* YOUR TASK
Write out again only the lines between the one with "Controllo Elettronico della Stabilità (ESP)" and the end of the records below, both ends counted, and don't include the pictures.

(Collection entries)
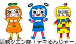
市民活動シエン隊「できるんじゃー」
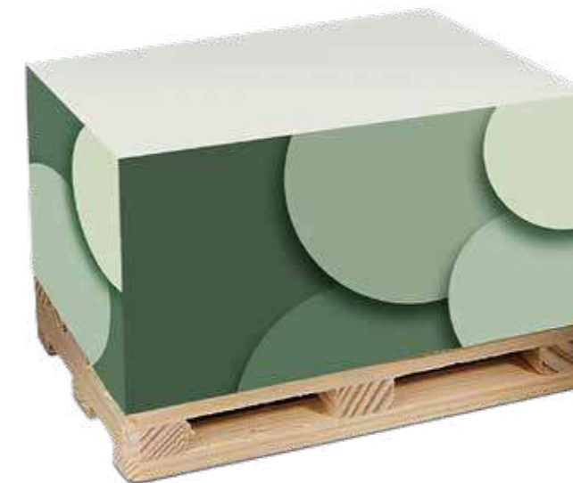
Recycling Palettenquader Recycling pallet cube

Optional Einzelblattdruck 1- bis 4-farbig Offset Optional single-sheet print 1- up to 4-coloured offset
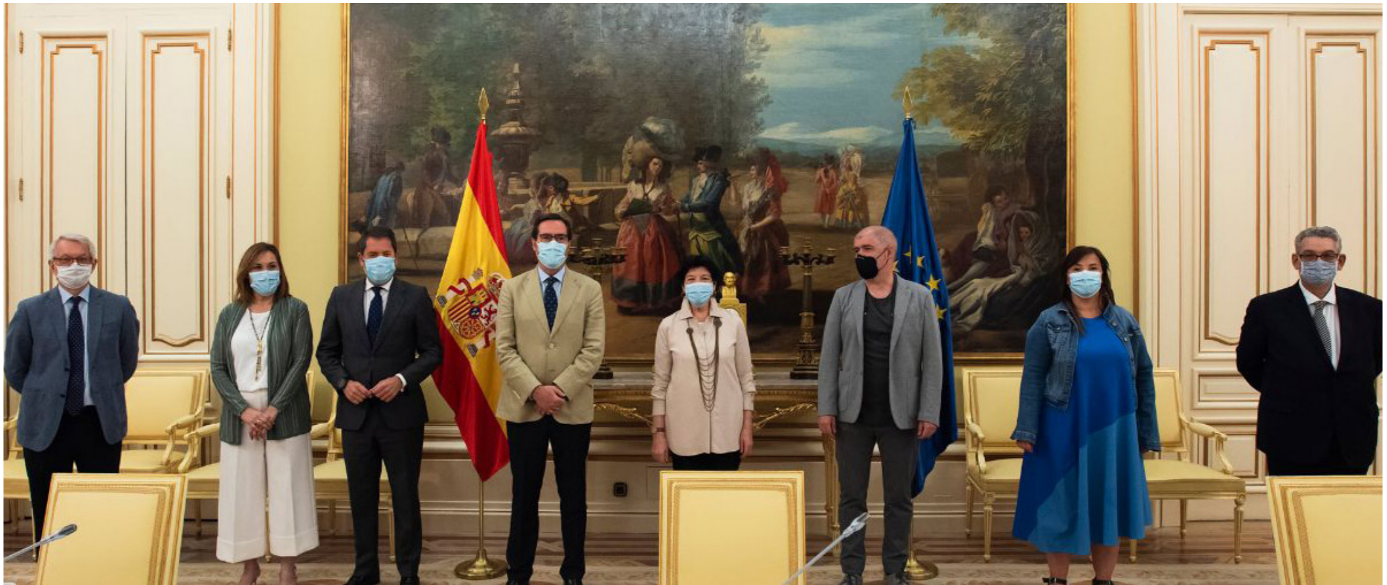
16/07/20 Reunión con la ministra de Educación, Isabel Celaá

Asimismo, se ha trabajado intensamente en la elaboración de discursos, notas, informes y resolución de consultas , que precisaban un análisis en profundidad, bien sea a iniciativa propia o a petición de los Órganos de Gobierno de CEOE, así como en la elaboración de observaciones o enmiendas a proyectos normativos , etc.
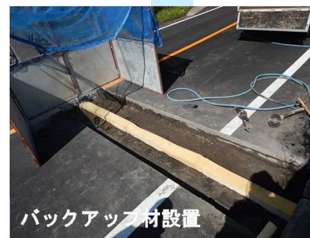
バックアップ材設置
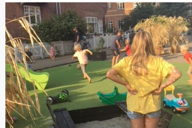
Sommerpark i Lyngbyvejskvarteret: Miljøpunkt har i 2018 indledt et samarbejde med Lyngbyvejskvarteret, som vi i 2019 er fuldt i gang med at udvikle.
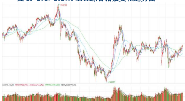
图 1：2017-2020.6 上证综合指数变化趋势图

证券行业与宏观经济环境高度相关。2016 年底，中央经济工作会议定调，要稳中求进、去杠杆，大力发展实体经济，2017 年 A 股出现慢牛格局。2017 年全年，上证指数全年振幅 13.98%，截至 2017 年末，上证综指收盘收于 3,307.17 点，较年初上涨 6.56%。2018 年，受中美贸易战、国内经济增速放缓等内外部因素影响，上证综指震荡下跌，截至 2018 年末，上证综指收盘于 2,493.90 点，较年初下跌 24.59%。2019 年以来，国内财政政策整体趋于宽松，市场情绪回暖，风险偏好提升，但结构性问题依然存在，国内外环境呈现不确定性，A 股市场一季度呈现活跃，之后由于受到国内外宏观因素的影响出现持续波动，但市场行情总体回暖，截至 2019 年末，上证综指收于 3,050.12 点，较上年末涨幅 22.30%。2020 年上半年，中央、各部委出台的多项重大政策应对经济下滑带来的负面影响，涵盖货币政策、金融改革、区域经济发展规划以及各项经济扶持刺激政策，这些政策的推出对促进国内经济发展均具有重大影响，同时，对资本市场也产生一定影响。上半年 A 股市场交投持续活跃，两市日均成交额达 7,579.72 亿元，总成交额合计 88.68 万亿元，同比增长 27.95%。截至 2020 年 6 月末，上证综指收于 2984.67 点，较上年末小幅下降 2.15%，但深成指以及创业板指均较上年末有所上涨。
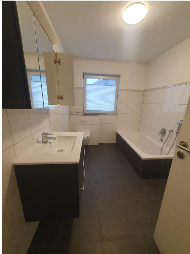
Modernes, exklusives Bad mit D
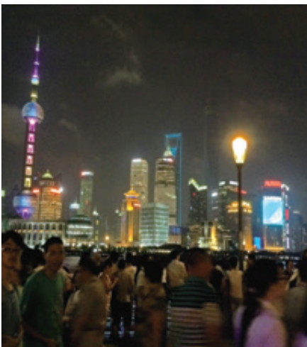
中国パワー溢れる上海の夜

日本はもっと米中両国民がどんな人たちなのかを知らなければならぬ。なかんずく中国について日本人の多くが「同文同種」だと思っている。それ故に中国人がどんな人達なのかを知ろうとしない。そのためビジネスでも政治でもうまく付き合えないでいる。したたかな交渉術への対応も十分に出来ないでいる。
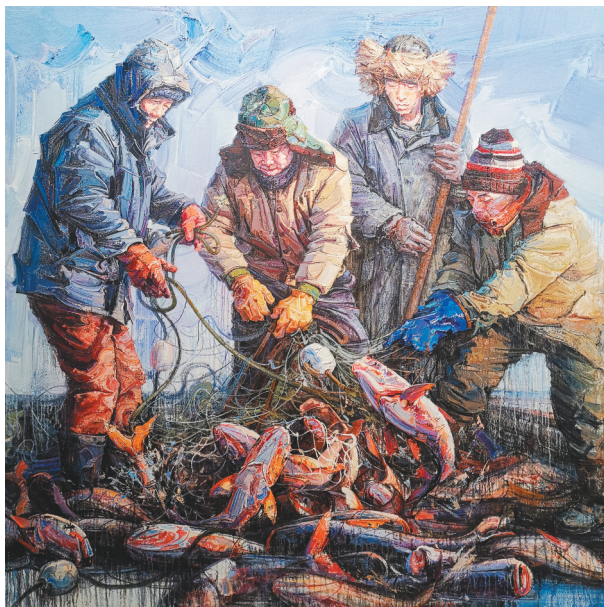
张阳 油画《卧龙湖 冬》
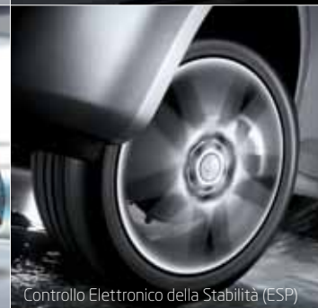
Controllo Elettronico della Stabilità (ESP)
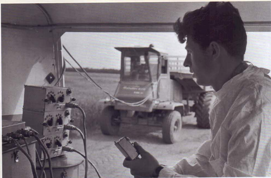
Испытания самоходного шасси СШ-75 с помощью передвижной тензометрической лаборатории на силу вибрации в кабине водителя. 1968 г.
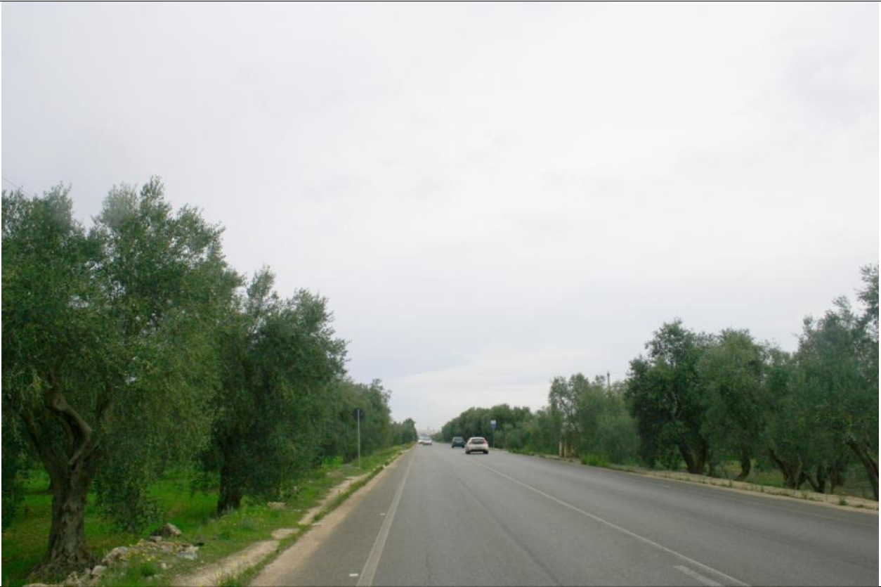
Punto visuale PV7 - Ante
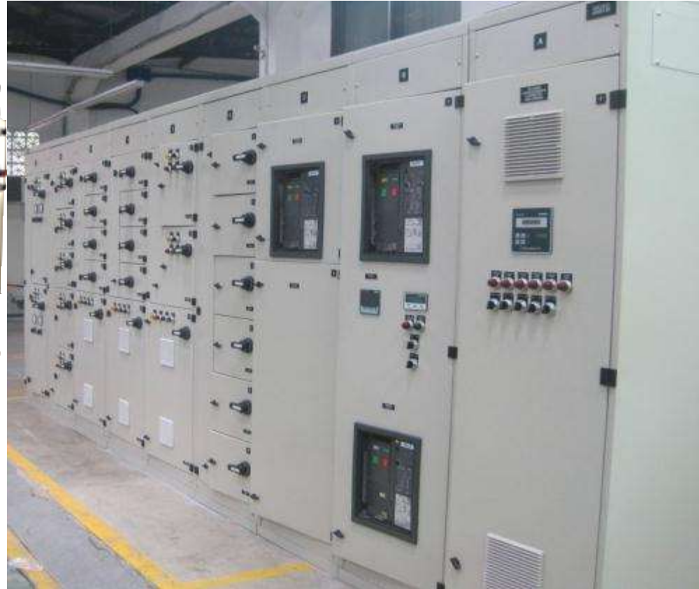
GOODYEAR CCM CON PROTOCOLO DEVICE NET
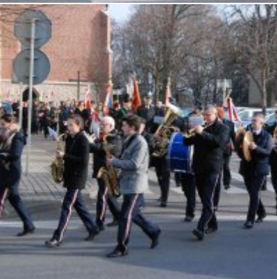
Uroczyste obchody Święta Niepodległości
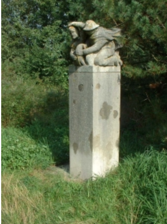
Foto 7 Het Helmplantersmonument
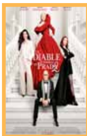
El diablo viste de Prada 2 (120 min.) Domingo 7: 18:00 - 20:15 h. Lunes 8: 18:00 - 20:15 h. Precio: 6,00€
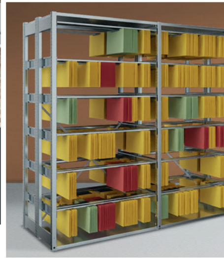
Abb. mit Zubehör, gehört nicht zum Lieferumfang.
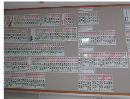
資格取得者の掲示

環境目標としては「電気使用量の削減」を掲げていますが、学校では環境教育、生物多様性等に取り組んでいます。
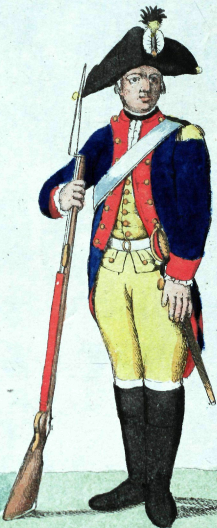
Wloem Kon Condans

* SOLUTION BELOW
Controllo Elettronico della Stabilità (ESP)
Испытания самоходного шасси СШ-75 с помощью передвижной тензометрической лаборатории на силу вибрации в кабине водителя. 1968 г.
Punto visuale PV7 - Ante
GOODYEAR CCM CON PROTOCOLO DEVICE NET
Uroczyste obchody Święta Niepodległości
Foto 7 Het Helmplantersmonument
El diablo viste de Prada 2 (120 min.) Domingo 7: 18:00 - 20:15 h. Lunes 8: 18:00 - 20:15 h. Precio: 6,00€
Abb. mit Zubehör, gehört nicht zum Lieferumfang.
資格取得者の掲示

環境目標としては「電気使用量の削減」を掲げていますが、学校では環境教育、生物多様性等に取り組んでいます。
Wloem Kon Condans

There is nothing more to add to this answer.